(Stored entries)
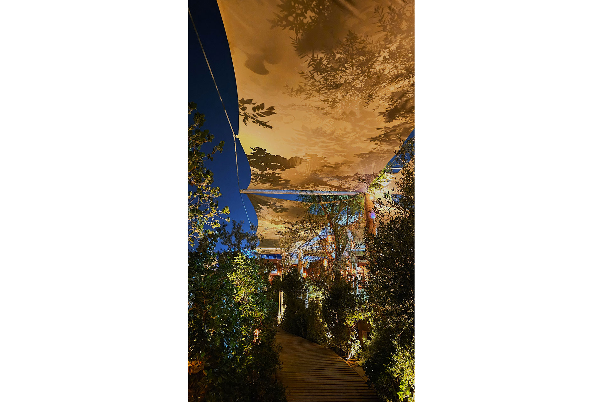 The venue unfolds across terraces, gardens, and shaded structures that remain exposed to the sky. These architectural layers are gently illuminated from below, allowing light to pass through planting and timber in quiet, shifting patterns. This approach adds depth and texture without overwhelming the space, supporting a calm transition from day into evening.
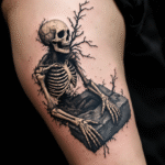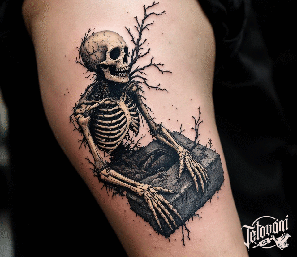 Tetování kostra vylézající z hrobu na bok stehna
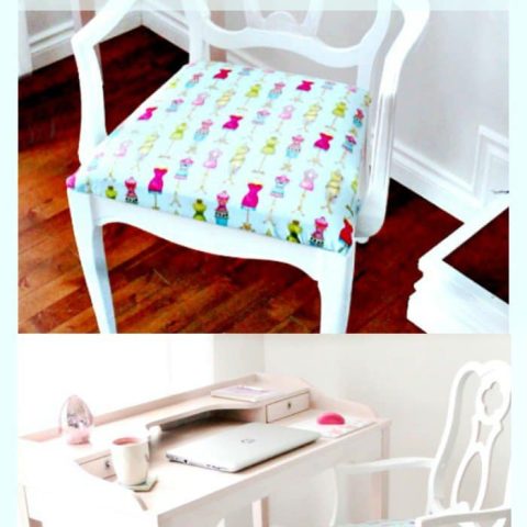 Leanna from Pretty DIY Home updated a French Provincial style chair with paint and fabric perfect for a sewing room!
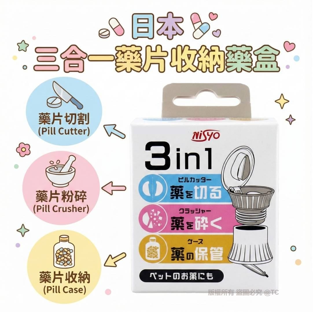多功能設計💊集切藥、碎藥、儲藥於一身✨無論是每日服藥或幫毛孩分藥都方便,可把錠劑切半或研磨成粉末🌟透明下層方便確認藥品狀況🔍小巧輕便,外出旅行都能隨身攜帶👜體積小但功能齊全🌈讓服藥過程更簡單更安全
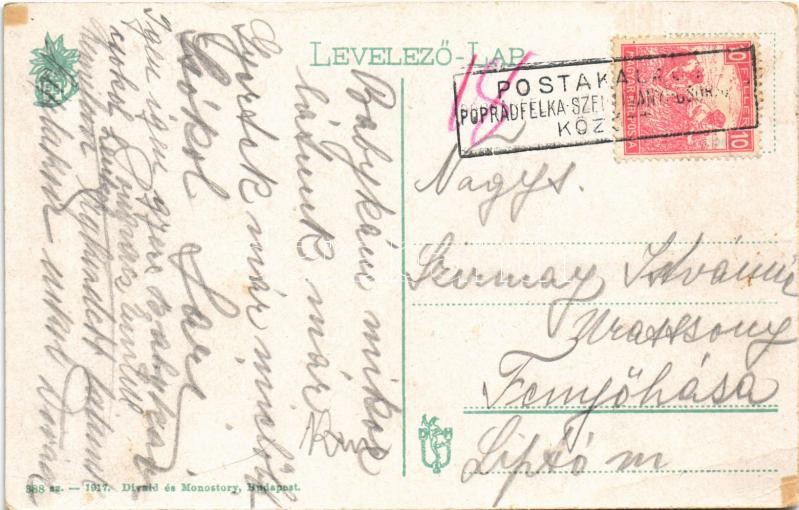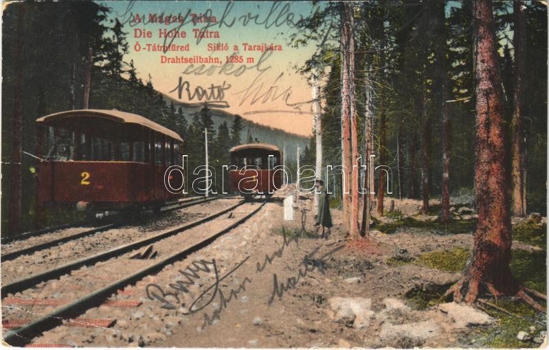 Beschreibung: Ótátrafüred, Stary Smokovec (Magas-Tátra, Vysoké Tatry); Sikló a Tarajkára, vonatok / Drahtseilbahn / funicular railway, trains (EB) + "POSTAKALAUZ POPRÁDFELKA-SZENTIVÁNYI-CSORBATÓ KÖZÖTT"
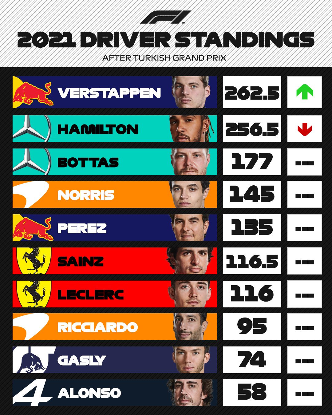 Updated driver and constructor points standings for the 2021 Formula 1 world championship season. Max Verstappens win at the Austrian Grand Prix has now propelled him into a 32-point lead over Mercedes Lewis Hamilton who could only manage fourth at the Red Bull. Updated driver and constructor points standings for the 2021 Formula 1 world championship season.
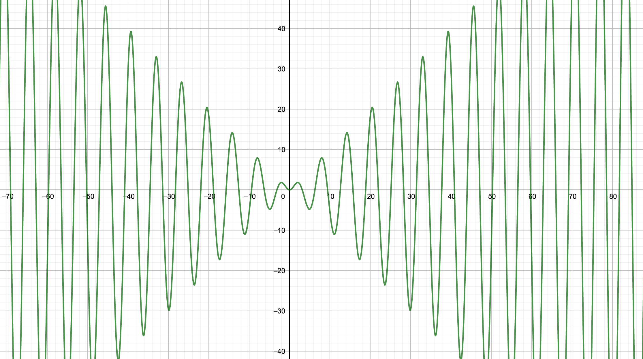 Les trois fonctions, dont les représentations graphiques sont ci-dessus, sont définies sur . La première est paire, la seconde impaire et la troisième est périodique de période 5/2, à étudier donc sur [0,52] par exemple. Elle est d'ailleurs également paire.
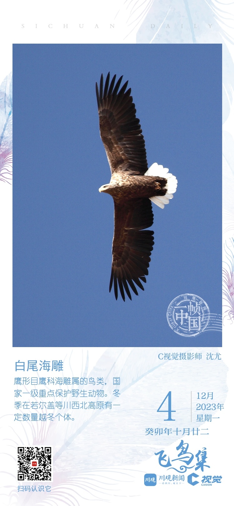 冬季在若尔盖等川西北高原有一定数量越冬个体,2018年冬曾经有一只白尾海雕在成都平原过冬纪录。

■ TASK: Omit all pictures while transcribing the entries verbatim.

■ OUTPUT FOR THIS TASK:
 The venue unfolds across terraces, gardens, and shaded structures that remain exposed to the sky. These architectural layers are gently illuminated from below, allowing light to pass through planting and timber in quiet, shifting patterns. This approach adds depth and texture without overwhelming the space, supporting a calm transition from day into evening.
 Tetování kostra vylézající z hrobu na bok stehna
 Leanna from Pretty DIY Home updated a French Provincial style chair with paint and fabric perfect for a sewing room!
多功能設計💊集切藥、碎藥、儲藥於一身✨無論是每日服藥或幫毛孩分藥都方便,可把錠劑切半或研磨成粉末🌟透明下層方便確認藥品狀況🔍小巧輕便,外出旅行都能隨身攜帶👜體積小但功能齊全🌈讓服藥過程更簡單更安全
 Beschreibung: Ótátrafüred, Stary Smokovec (Magas-Tátra, Vysoké Tatry); Sikló a Tarajkára, vonatok / Drahtseilbahn / funicular railway, trains (EB) + "POSTAKALAUZ POPRÁDFELKA-SZENTIVÁNYI-CSORBATÓ KÖZÖTT"
 Updated driver and constructor points standings for the 2021 Formula 1 world championship season. Max Verstappens win at the Austrian Grand Prix has now propelled him into a 32-point lead over Mercedes Lewis Hamilton who could only manage fourth at the Red Bull. Updated driver and constructor points standings for the 2021 Formula 1 world championship season.
 Les trois fonctions, dont les représentations graphiques sont ci-dessus, sont définies sur . La première est paire, la seconde impaire et la troisième est périodique de période 5/2, à étudier donc sur [0,52] par exemple. Elle est d'ailleurs également paire.
 冬季在若尔盖等川西北高原有一定数量越冬个体,2018年冬曾经有一只白尾海雕在成都平原过冬纪录。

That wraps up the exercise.